Page Rank (Ch 3)¶
Hints for Simulator
You can use it to run simulations of how PageRank would assign importance to a group of web pages based soley on how they link to each other.
Click Add Page to add a new page.
Click and drag a page to move it.
Click a page and then click another page to add a link.
Click a page or link and then Delete Selected (or press Delete) to remove something.
Click Run Page Rank to display rankings.
Optional: Mathematically Solving Page Rank
The author describes being able to simulate a random web surfer with a computer program, and we certainly can calculate page rank that way. But there is a field of mathematics that focuses on analyzing situations exactly like that one - where there are multiple possible states (pages in this case), and from any given state, we can end up in multiple new states with some probability. The technique used is called a Markov chain. If you have some knowledge of what a matrix is you can skip down to the Example section of that page, and probably understand most of what is going on.

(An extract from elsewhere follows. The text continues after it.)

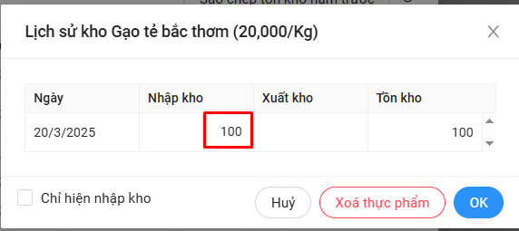 Lưu ý: Nếu thực phẩm đã được xuất kho thì khi xóa thực phẩm các thông tin xuất kho của thực phẩm này sẽ trở thành đi chợ (có ảnh hưởng đến STTA đã lưu)

This is the actual technique used in PageRank to “simulate” random surfers - define transition probabilities from one page to another based on the links (and on random restart probability), then keep multiplying a starting state by the transition matrix until it “settles” down into a final state representing the proportion of time a random surfer spends on each page.
If you are interested, you can play with a Markov simulation using the spreadsheet linked below (right click and open in a new tab/window).
Markov Chain Page Rank Spreadsheet.
It represents a 3 page system as a 3x3 matrix. The 3x3 grid allows you to define the links between pages. The initial setup matches the picture shown to the right (A links to B, B links to A and C, C links to A).
The columns below show the predicted popularity after n steps of applying the transition rules. The first row is the initial rankings of the pages. An important property of the Markov chain is that they do not matter! Put in any set of rankings for the initial state that add up to 1 and the transition matrix will eventually produce the same result.